Sir, a recent cohort study of caries incidence in 739 children in the journal highlighted the importance of prevention in primary teeth.1 The authors observe that caries diagnosis in this study did not include radiographic examination, so it is likely, therefore, that many of these apparently caries-free children had undiagnosed approximal lesions at presentation.2 For this reason we agree wholeheartedly with the conclusion that, whether caries is obvious or not, all children require preventive care, for which evidence-based guidelines are readily available.3,4

However, none of these guidelines recommend a prevention-only approach to caries management once cavitation has been diagnosed. Based on their own retrospective data, the same group have suggested that the sequelae of dental caries (pain, sepsis, extractions) cannot be controlled by restorative intervention either.5

The question of whether primary tooth restorations are effective or not in managing caries would seem more complex than either side in this increasingly polarised argument are prepared to admit. Two recent systematic reviews show that amalgam,6 compomers, or resin modified glass ionomers7 can be used with success in primary teeth. Further inspection of the individual studies reported in these reviews suggests that pain and infection are uncommon sequelae. For example, Qvist8 followed over 1,500 Class II restorations in 971 children for seven years.

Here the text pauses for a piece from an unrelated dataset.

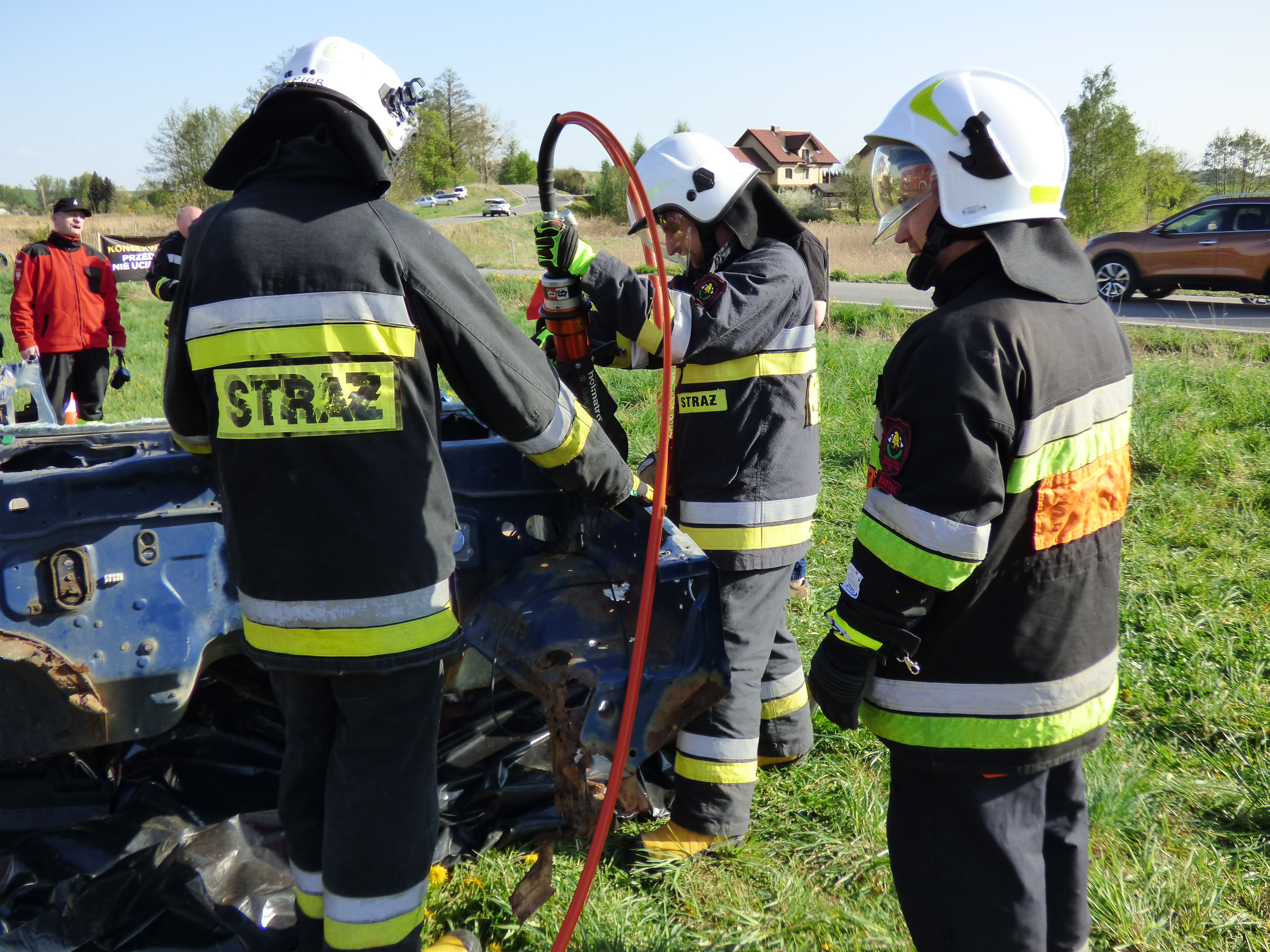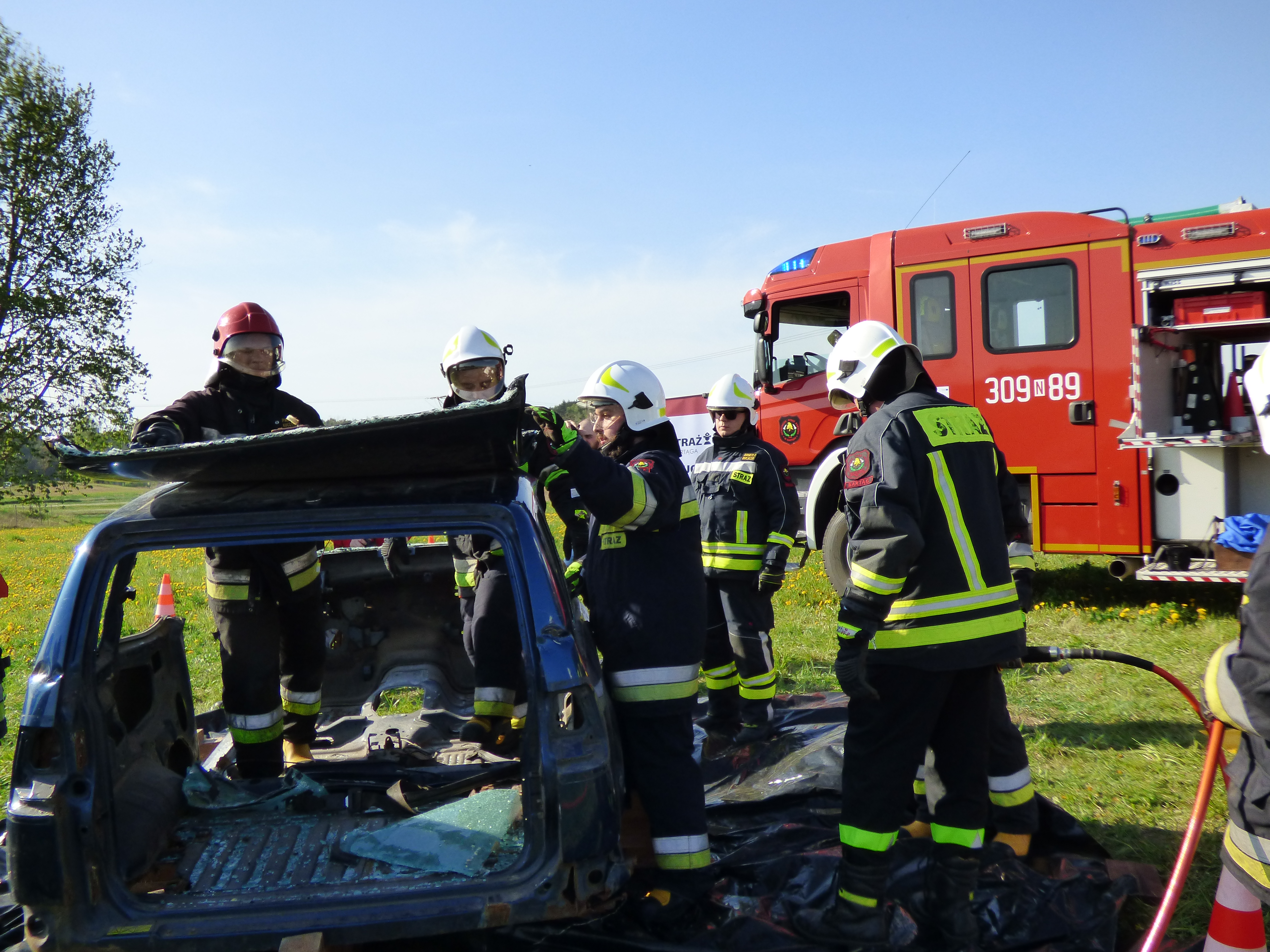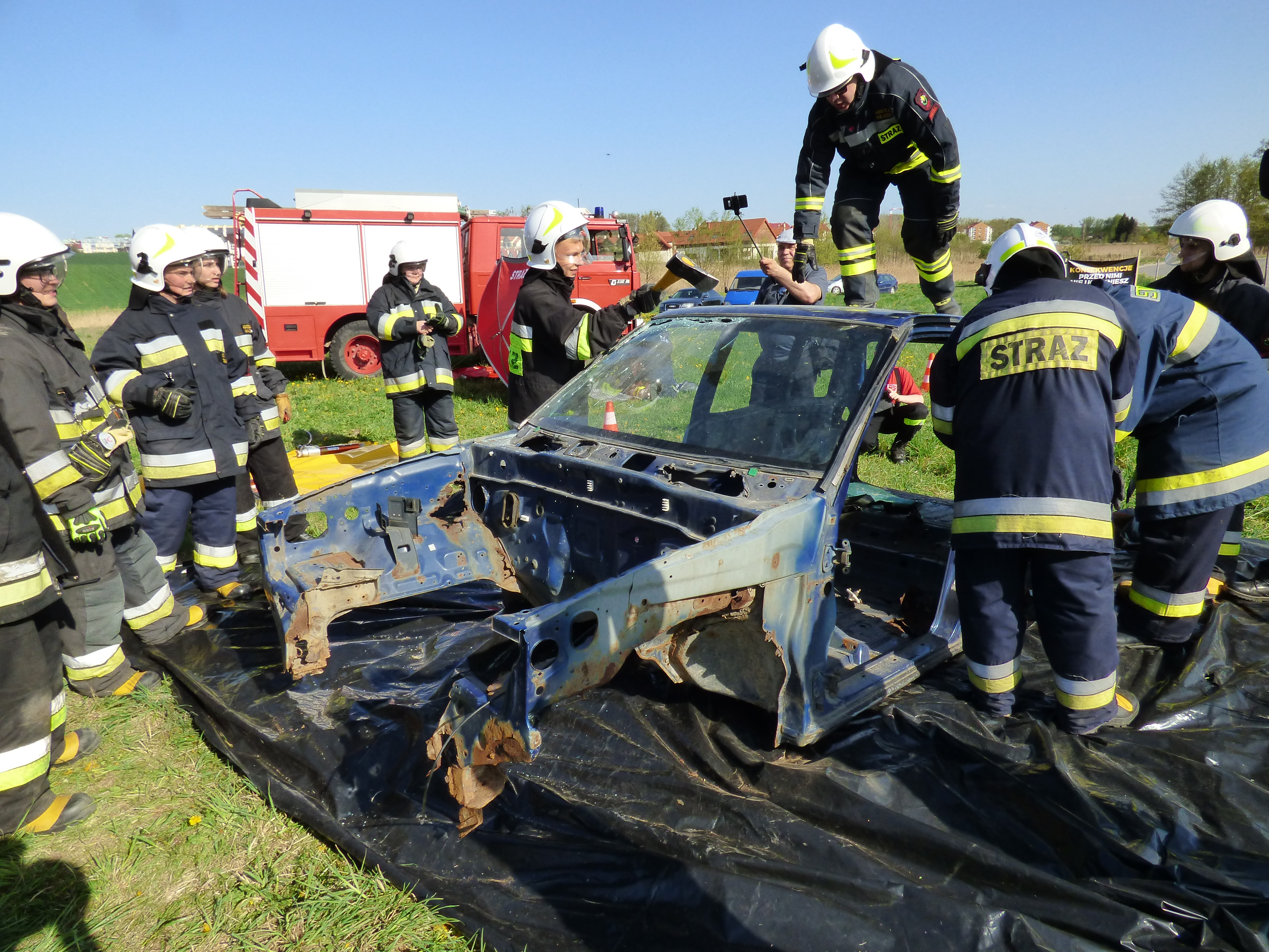 Podczas symulowanego wypadku ćwiczono zasady uwalniania poszkodowanych z rozbitego pojazdu oraz zasady udzielania pierwszej pomocy przedmedycznej.

Treatment was undertaken by non-specialists in the Danish Public Dental Health Services, and only 7% of teeth subsequently presented with sepsis or were extracted. However, a recent UK randomised controlled trial investigated clinical outcomes of the Hall Technique with those of standard restorations provided by GDPs for carious primary molars.9 For the 129 children followed up for two years, only 2% (n = 3) of the Hall crown teeth had abscessed or become unrestorable, while for the teeth with standard restorations this was 15% (n = 19), a figure approaching that reported by the Manchester group for teeth left unrestored! How could the UK results be so different from those reported by Qvist? There are a number of possible reasons, but further examination of the data shows that the material of choice for the majority of GDPs when restoring Class IIs was unmodified glass ionomer cement, a material now regarded as unsatisfactory for this purpose.7 GDPs clearly want to provide the best possible care for their child patients, so what are the barriers to the use of techniques and materials (amalgam, compomers, composites or resin modified glass ionomers) of proven effectiveness in general practice? These obstacles, be they funding, education, access to specialist care or something else altogether, need to be further explored and then addressed.

Repeated demonstration that what is currently being provided is inadequate for children in the UK does not mean that the baby (reduction in pain and sepsis for UK children) should be thrown out with the bathwater (current restorative methods in the general practice environment). Perhaps the bathwater simply needs changing!